I'm sort of confused by
f: x |-> and just want to make sure I'm applying it correctly and am wondering if I can use the identity matrix instead of the unit vectors?

2. Jan 2, 2012

### Staff: Mentor

Sure, but I think it adds needless complexity.
This looks OK. Your notation is saying that v maps a number x to a vector-valued function.
I don't see anything wrong with this, but it seems like overkill.

3. Jan 2, 2012

### GreenPrint

Can I write
v = 4i + 3j -2k
as v =
[ 4 |
| 3 |
| -2 ]
or this way
v = [ 4 3 -2]?

I believe this writing it like this would take less time. All you need is three numbers and two brackets [ ]. Writing it like this 4i + 3j -2k requires you write three numbers, three unit vectors, and any plus signs that might be needed. I'm just not sure that
v = [ 4 3 -2] = 4i + 3j -2k is true or maybe if it was a 3x1 matrix instead of a 1x3 this be true?
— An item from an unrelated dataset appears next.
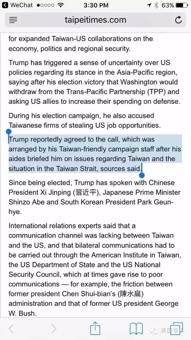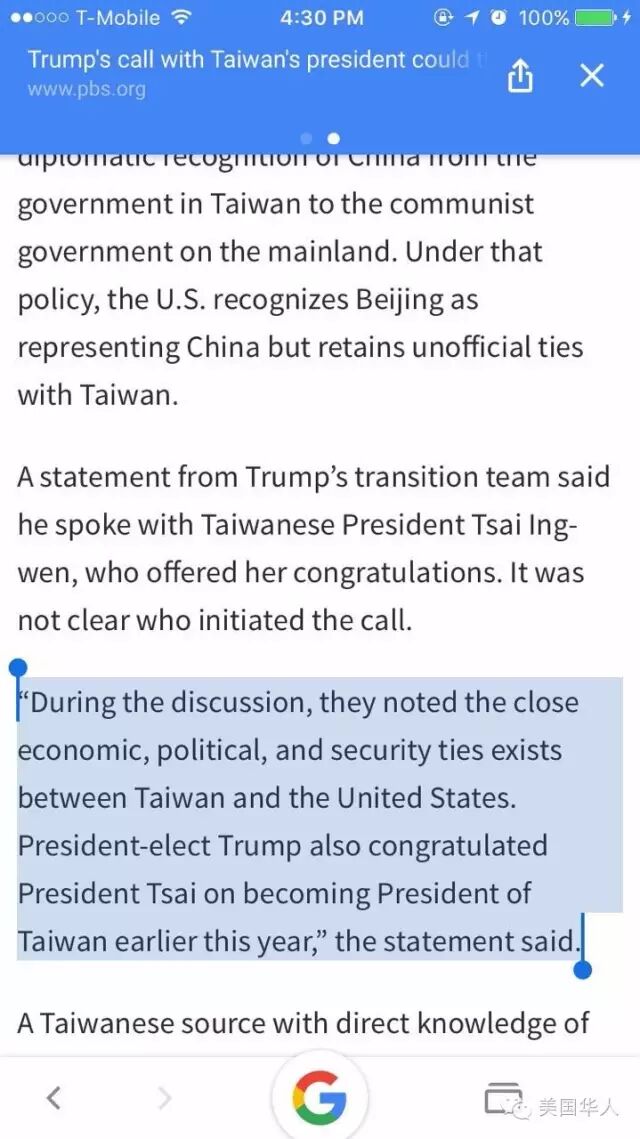 可能有人会说川普还没有就职,有什么关系。但是就算没有就职的总统,台美自1979年断交以来也没有和台湾领导人通过电话。

If either of these are I rather would because it's less writing.

4. Jan 3, 2012

### Staff: Mentor

I agree with you about the i, j, k notation taking more effort to write, and usually write vectors in this form: <4, 3, -2>. If they really need to be column vectors, you can add a T superscript (for transpose), like this: <4, 3, -2>T.

5. Jan 3, 2012

### genericusrnme

I hate the i, j, k mainly because my handwriting is terrible and I find i and k to be incredibly hard to write without making everything look messy

nono, it's symbol, domain, codomain, correspondance
$f: \Re \rightarrow \Re ; x \rightarrow x^2+3$
the script R is both the doman and the codomain (R+, the positive reals is technically the codomain(technically the complex numbers is the domain and the codomain))
the x -> x^2 + 3 is the rule of correspondance

if you really wanted to you could but there isn't really much point since you'd end up writing 6 extra zeros

Also you can write $\begin{pmatrix} x \\ y \\ z \end{pmatrix}$ as $\begin{pmatrix} x & y & z\end{pmatrix}^T$ or $\begin{pmatrix} x \\ y \\ z \end{pmatrix}^T$ as $\begin{pmatrix} x & y & z\end{pmatrix}$